- [Exercise description]: Before returning the data, strip out the pictures and keep everything else exactly the same.

- [Given information]:
%%
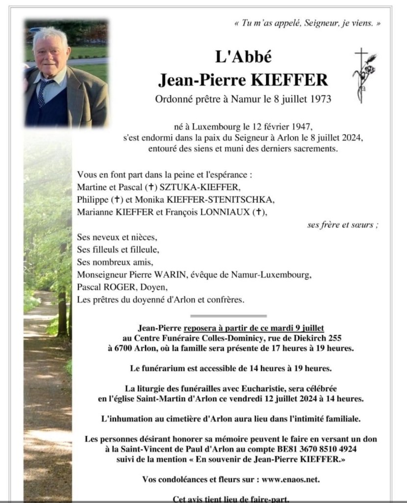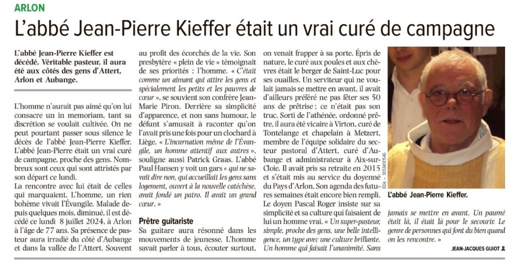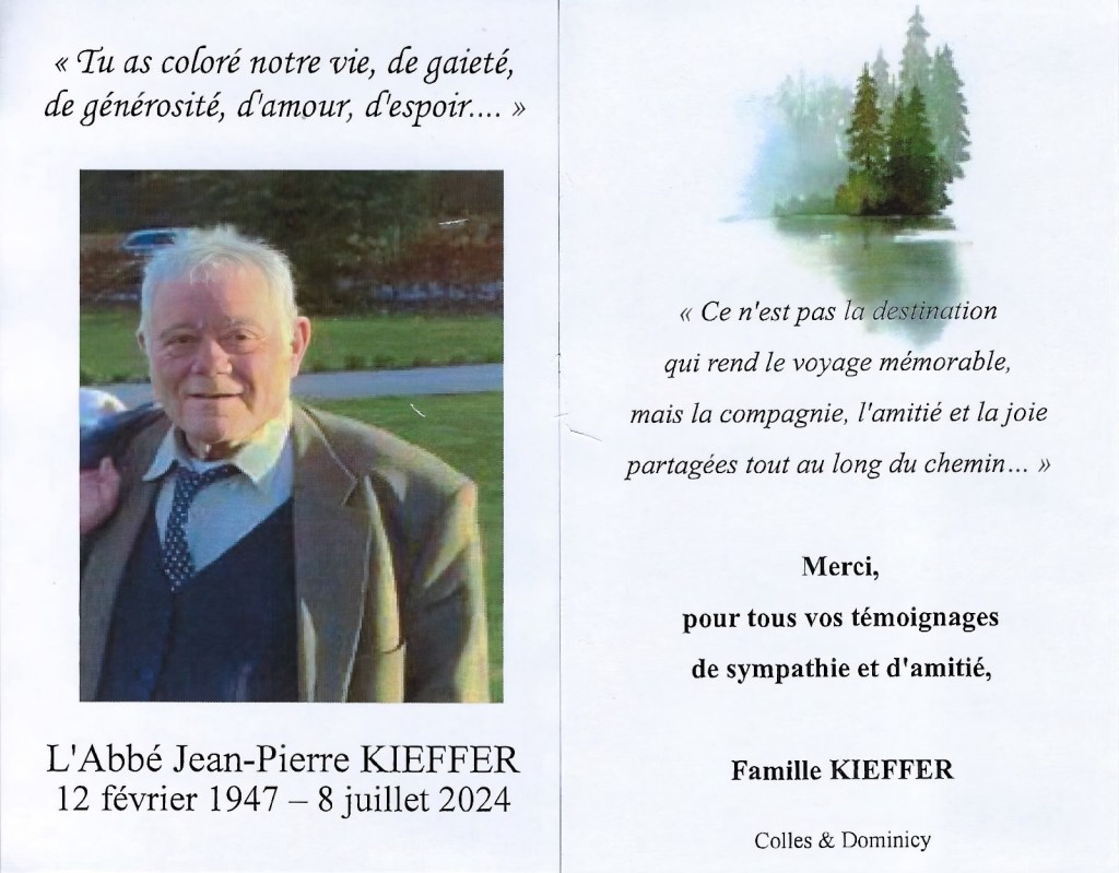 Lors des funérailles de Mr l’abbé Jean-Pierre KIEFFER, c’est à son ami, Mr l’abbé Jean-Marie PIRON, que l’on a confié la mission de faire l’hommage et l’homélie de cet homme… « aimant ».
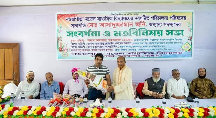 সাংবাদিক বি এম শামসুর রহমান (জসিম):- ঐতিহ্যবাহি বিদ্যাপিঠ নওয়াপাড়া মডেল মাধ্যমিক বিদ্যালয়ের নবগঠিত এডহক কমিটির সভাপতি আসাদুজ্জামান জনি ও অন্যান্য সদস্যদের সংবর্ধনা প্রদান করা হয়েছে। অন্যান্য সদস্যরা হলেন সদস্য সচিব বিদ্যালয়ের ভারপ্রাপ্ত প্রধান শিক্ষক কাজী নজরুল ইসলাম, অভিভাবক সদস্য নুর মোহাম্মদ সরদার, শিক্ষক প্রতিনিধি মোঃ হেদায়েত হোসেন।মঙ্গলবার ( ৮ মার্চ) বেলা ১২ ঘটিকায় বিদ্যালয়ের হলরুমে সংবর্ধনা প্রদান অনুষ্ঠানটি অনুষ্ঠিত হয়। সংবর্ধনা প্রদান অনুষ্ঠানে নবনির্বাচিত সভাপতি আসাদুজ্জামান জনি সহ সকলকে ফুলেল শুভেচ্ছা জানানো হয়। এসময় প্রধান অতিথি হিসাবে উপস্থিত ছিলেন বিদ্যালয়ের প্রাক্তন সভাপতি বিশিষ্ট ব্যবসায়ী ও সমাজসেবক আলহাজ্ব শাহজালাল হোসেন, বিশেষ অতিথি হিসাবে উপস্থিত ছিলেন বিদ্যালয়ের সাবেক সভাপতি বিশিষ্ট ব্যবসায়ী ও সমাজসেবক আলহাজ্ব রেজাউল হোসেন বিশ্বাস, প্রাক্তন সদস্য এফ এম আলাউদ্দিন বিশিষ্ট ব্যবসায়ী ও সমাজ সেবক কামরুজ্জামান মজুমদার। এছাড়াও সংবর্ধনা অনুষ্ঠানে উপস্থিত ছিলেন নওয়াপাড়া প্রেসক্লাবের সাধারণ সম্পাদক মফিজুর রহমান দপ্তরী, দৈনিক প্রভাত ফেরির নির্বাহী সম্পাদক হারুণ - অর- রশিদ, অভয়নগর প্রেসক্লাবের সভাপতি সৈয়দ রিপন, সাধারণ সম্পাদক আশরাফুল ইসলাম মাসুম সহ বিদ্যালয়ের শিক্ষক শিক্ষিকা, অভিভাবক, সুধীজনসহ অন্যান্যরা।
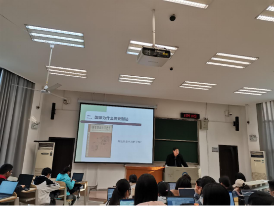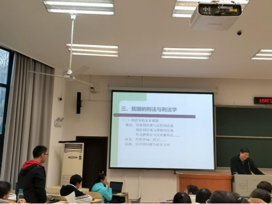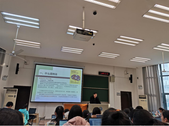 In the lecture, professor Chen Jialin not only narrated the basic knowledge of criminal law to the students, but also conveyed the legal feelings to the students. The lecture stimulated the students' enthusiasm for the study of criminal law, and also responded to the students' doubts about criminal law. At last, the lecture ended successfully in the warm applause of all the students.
%%
- [Exercise output]:
 Lors des funérailles de Mr l’abbé Jean-Pierre KIEFFER, c’est à son ami, Mr l’abbé Jean-Marie PIRON, que l’on a confié la mission de faire l’hommage et l’homélie de cet homme… « aimant ».
 সাংবাদিক বি এম শামসুর রহমান (জসিম):- ঐতিহ্যবাহি বিদ্যাপিঠ নওয়াপাড়া মডেল মাধ্যমিক বিদ্যালয়ের নবগঠিত এডহক কমিটির সভাপতি আসাদুজ্জামান জনি ও অন্যান্য সদস্যদের সংবর্ধনা প্রদান করা হয়েছে। অন্যান্য সদস্যরা হলেন সদস্য সচিব বিদ্যালয়ের ভারপ্রাপ্ত প্রধান শিক্ষক কাজী নজরুল ইসলাম, অভিভাবক সদস্য নুর মোহাম্মদ সরদার, শিক্ষক প্রতিনিধি মোঃ হেদায়েত হোসেন।মঙ্গলবার ( ৮ মার্চ) বেলা ১২ ঘটিকায় বিদ্যালয়ের হলরুমে সংবর্ধনা প্রদান অনুষ্ঠানটি অনুষ্ঠিত হয়। সংবর্ধনা প্রদান অনুষ্ঠানে নবনির্বাচিত সভাপতি আসাদুজ্জামান জনি সহ সকলকে ফুলেল শুভেচ্ছা জানানো হয়। এসময় প্রধান অতিথি হিসাবে উপস্থিত ছিলেন বিদ্যালয়ের প্রাক্তন সভাপতি বিশিষ্ট ব্যবসায়ী ও সমাজসেবক আলহাজ্ব শাহজালাল হোসেন, বিশেষ অতিথি হিসাবে উপস্থিত ছিলেন বিদ্যালয়ের সাবেক সভাপতি বিশিষ্ট ব্যবসায়ী ও সমাজসেবক আলহাজ্ব রেজাউল হোসেন বিশ্বাস, প্রাক্তন সদস্য এফ এম আলাউদ্দিন বিশিষ্ট ব্যবসায়ী ও সমাজ সেবক কামরুজ্জামান মজুমদার। এছাড়াও সংবর্ধনা অনুষ্ঠানে উপস্থিত ছিলেন নওয়াপাড়া প্রেসক্লাবের সাধারণ সম্পাদক মফিজুর রহমান দপ্তরী, দৈনিক প্রভাত ফেরির নির্বাহী সম্পাদক হারুণ - অর- রশিদ, অভয়নগর প্রেসক্লাবের সভাপতি সৈয়দ রিপন, সাধারণ সম্পাদক আশরাফুল ইসলাম মাসুম সহ বিদ্যালয়ের শিক্ষক শিক্ষিকা, অভিভাবক, সুধীজনসহ অন্যান্যরা।
 In the lecture, professor Chen Jialin not only narrated the basic knowledge of criminal law to the students, but also conveyed the legal feelings to the students. The lecture stimulated the students' enthusiasm for the study of criminal law, and also responded to the students' doubts about criminal law. At last, the lecture ended successfully in the warm applause of all the students.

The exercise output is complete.